_Aim of the task:_ The answer must be the full data, restated word for word, with no pictures in it.

_Collected material:_
* * * *
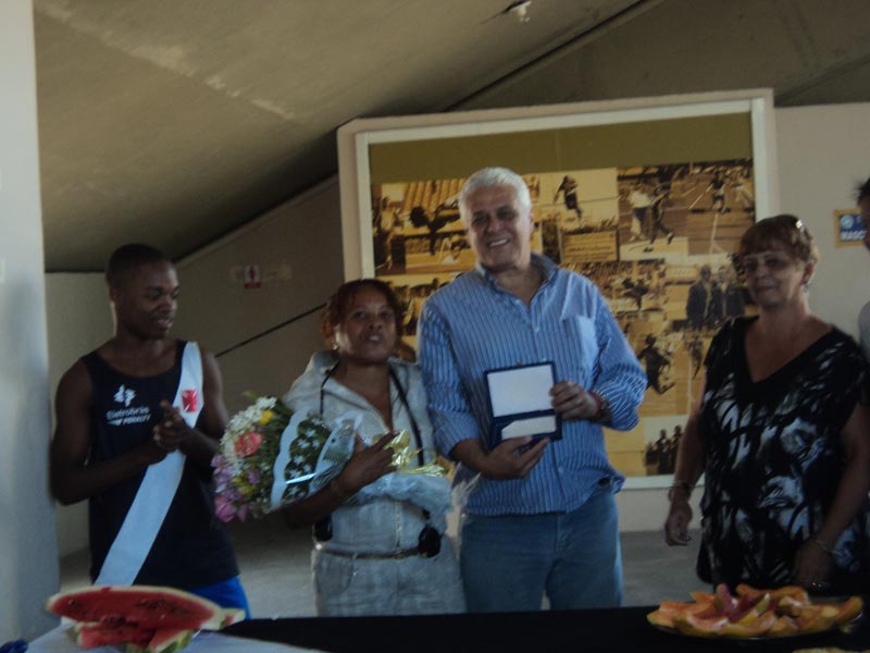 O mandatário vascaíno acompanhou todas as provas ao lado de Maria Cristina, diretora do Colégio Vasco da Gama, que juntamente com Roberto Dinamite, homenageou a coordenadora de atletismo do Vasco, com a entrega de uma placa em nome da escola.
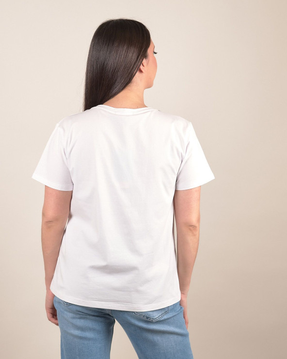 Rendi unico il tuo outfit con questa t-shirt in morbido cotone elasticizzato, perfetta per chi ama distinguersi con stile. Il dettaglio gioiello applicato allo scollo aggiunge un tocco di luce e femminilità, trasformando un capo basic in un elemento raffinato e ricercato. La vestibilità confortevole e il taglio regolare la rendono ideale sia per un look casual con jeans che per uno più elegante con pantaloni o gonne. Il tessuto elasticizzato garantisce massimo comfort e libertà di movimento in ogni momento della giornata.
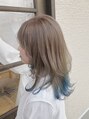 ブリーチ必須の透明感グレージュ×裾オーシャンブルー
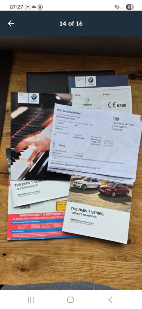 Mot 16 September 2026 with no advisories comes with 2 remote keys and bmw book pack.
* * * *
_Task answer:_
 O mandatário vascaíno acompanhou todas as provas ao lado de Maria Cristina, diretora do Colégio Vasco da Gama, que juntamente com Roberto Dinamite, homenageou a coordenadora de atletismo do Vasco, com a entrega de uma placa em nome da escola.
 Rendi unico il tuo outfit con questa t-shirt in morbido cotone elasticizzato, perfetta per chi ama distinguersi con stile. Il dettaglio gioiello applicato allo scollo aggiunge un tocco di luce e femminilità, trasformando un capo basic in un elemento raffinato e ricercato. La vestibilità confortevole e il taglio regolare la rendono ideale sia per un look casual con jeans che per uno più elegante con pantaloni o gonne. Il tessuto elasticizzato garantisce massimo comfort e libertà di movimento in ogni momento della giornata.
 ブリーチ必須の透明感グレージュ×裾オーシャンブルー
 Mot 16 September 2026 with no advisories comes with 2 remote keys and bmw book pack.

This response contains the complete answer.